Kane, J. Appeals from two orders of the Family Court of Clinton County (Lawliss, J.), entered June 10, 2004, which, inter alia, partially granted petitioner's application, in a proceeding pursuant to Family Ct Act article 6, to modify a prior order of custody.

Pursuant to a 2003 custody order, the parties shared joint legal custody of their sons, Kenneth (born in 1989) and Kristian (born in 1991), with respondent (hereinafter the father) having primary physical custody and petitioner (hereinafter the mother) having visitation. The mother filed a petition in Saratoga County, where she resided, seeking legal and physical custody of both boys. Family Court transferred the matter to Clinton County, where the father and boys resided. Following a hearing, the court granted the father sole legal and physical custody of Kenneth and granted the mother sole legal and physical custody of Kristian, with each party having visitation with the son not in his or her custody. The father appeals from that order. [*2]Kenneth, through his Law Guardian, appeals from the portion of that order granting the mother custody of Kristian, and from an order of protection.[FN*]

The father was not entitled to dismissal of the petition on personal jurisdiction grounds. A liberal reading of the affidavit of service establishes that the father was served the petition (see Bossuk v Steinberg, 58 NY2d 916, 918 [1983]). He failed to offer any proof in support of his motion to dismiss; a conclusory denial of service is insufficient to raise any issue of fact necessitating a traverse hearing (see Matter of Shaune TT., 251 AD2d 758, 758-759 [1998]).

There is also no merit to the father's argument that he was denied his right to counsel as guaranteed by Family Ct Act § 262. While Family Court did not specifically advise the father of this right, the court addressed the father's application for assigned counsel, indicating that it had been rejected and more financial proof was required (see Matter of Iadicicco v Iadicicco, 270 AD2d 721, 723 [2000]). The matter was rendered moot when the court transferred venue to Clinton County, where counsel was assigned before the first appearance and was present with the father for all proceedings thereafter.
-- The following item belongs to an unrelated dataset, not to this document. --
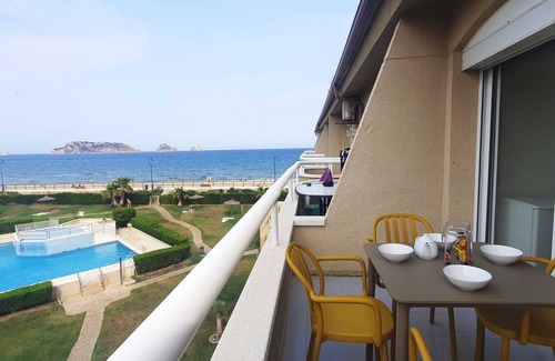 Apartment to rent in L'Estartit Costa Brava with front view to the sea.Free WifiApartment on the first line to the sea view directly at the Medes islands,the sea, the communitarian pool prepared by adults and children.It is a third floor without lift, Free Wifi, living room composed by sofa and television, kitchen with ceramic hob with two fires, microwaves, fridge, bathroom with a shower, the washing machine, toilette, sink, you enjoy the terrace with view direct of the sea, there is open room what is a open mezzanine with one double bed and two single beds.Direct acces to the walk from the communitary pool and gardens to the beach cross the ride, between of Ter Vell Natural Park,next to the zone proteged of The Pletera beach. Located in the town of L'Estartit, Costa Brava coast, the country is Spain, at 10 metres of the fine sand beach and at 1400 metres to the town center of L´Estartit. The supermarket and restaurant are at 150 metres to the apartment..

Thus, the father received the benefit of counsel, as was his right (see Matter of Fralix v Thornock, 9 AD3d 890, 890 [2004]; compare Matter of Wilson v Bennett, 282 AD2d 933, 934-935 [2001] [reversing despite lack of prejudice where party, not informed of right to counsel, participated in hearing pro se]).

Family Court did not err in granting each parent custody of one child. "Although siblings should generally be kept together, this rule is not absolute and may be overcome where, as the record here shows, 'the best interest of each child lies with a different parent' " (Matter of Jelenic v Jelenic, 262 AD2d 676, 677 [1999], quoting Matter of Copeland v Copeland, 232 AD2d 822, 823 [1996], lv denied 89 NY2d 806 [1997]). Each child here had a better relationship with one parent and an antagonistic relationship with the other parent. While not determinative, each child expressed a preference to live with the parent with whom he had a better relationship (compare Matter of Jelenic v Jelenic, supra at 677). While it would be inappropriate for the court to rely on such preferences alone, additional record evidence supports a change of Kristian's custody to the mother. Although the boys had a close relationship, neither opposed the other's choice regarding where he wanted to live. Based on the record, and giving due deference to the court's ability to observe the witnesses, we conclude that a sound and substantial basis exists to support the split custody arrangement (see Matter of Donahue v Buisch, 265 AD2d 601, 604 [1999]; Matter of Jelenic v Jelenic, supra at 677).

Crew III, J.P., Carpinello and Rose, JJ., concur. Ordered that the orders are affirmed, without costs.


Footnote *: Counsel for the parties acknowledged at oral argument that the order of protection has been modified. We thus decline to address it.